One note, I am on Sprint's Data Network. Can it be the network card that I'm using? This problem seems to coincide with when I updated the software for the card. But I never had this problem with it before.

Thank you for your time

~Kisa


----------



## -WOLF- (Jan 17, 2009)

*Hello and welcome to TSF.*

Can you tell us the make and model of your Router? It is likely you haven't forwarded or opened the correct ports. Have you also ensured your Firewall is not blocking the application by putting it on the exception list?


----------



## Kisa (Oct 14, 2009)

Thank you for the warm welcome. ^^

I am not using a router. I'm using one of those network cards that Sprint offers to connect to the internet. So I don't know if they've closed the ports on their side or not.

And Ventrilo is already on my list of exceptions for my firewall. 

So I have no idea what's wrong ; ;

Thanks for your time

~Kisa


----------



## -WOLF- (Jan 17, 2009)

What you're saying is you've got the ethernet cable plugged directly into the wall from the network card? Unless you're on dial-up I don't think this is possible. Check around for a box with a bunch of lights on it that connects to your computer.

If you are on Dial-up, I think that this is your problem because it's likely that Vent won't work on a dial up connection.


----------



## Kisa (Oct 14, 2009)

I have a network card that is not connected to anything since I am using a wireless network card from Sprint. So I have no cables connected to any hardware in my house. All I have connecting me to the Internet is like a Nextel wireless network card that connects me to Sprint's 3G wireless network. (It's kinda like connecting to the Internet using a Linksys Wireless Network Adaptor) I'm not quite sure what connection Sprint is running, I don't know what 3G stands for, but it's definitely not dial-up.

~Kisa

If all else fails, I may just call them to see what's wrong.


----------



## -WOLF- (Jan 17, 2009)

Unless somehow you're connecting to a _cellular_ network or connecting to someone else's wireless network, this is impossible as you must have a wireless router for the network card to connect to.


----------



## Jason09 (Jan 3, 2009)

Actually, I have heard of this type of Internet setup before.
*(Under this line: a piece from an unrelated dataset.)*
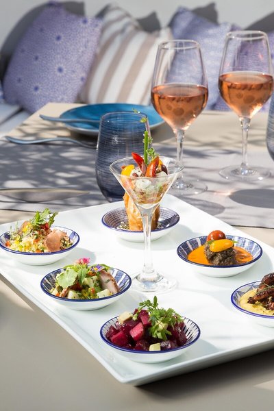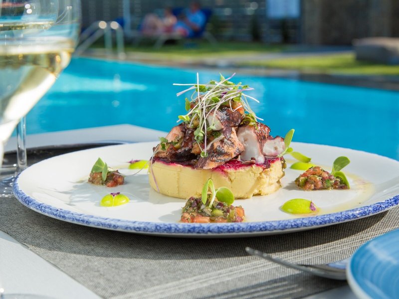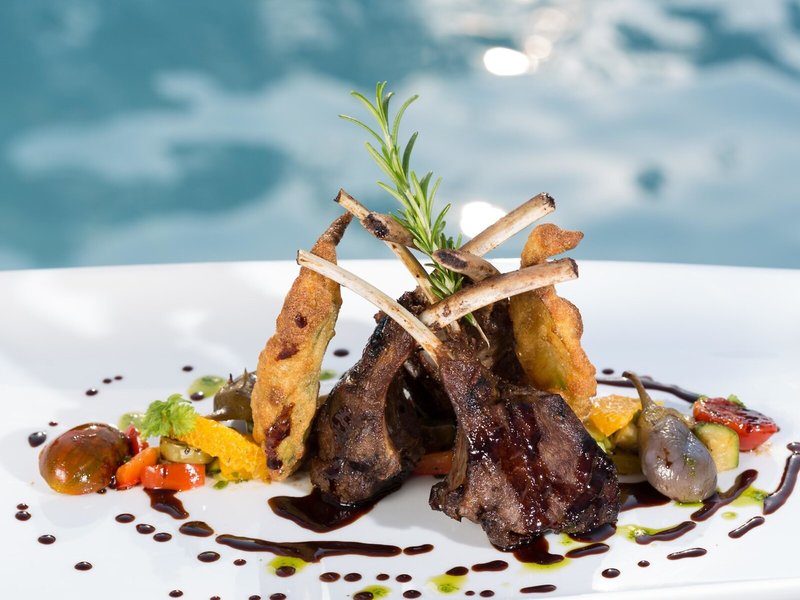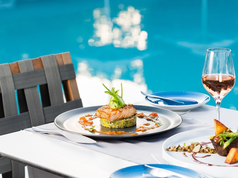 - Restaurant „RR - Rodostamo Restaurant“: Küche: international, mediterran, vegetarische Gerichte, à la carte, 12:00 Uhr - 16:00 Uhr und 19:30 Uhr - 23:00 Uhr, am Pool

Most likely, that wireless service Sprint is providing you has security setup which is probably blocking the port.


----------



## Kisa (Oct 14, 2009)

Yes Sniper, I'm on a cellular network. I'm sorry I didn't specify it earlier. I didn't know how to explain it >.< thank you so much for your help. And thanks to both of you, I'll call Sprint first thing tomorrow morning.

~Kisa


----------



## Zombeast (Aug 6, 2008)

i noticed how you said in the very first post that it used to work. but when you updated the software on the card it stopped working. I am guessing its a software problem with the card then


----------



## Kisa (Oct 14, 2009)

Yeah. I called Sprint and asked if they were blocking any ports, and they said no. You were right Zombeast. It was a software issue. I uninstalled my network card's program and reinstalled it, and now my vent works fine. 

Thanks for your help everyone! 

~Kara


----------



## Jason09 (Jan 3, 2009)

You can mark the thread Solved by clicking the Mark this Thread as Solved option under Thread Tools at the top of the thread.:smile:


----------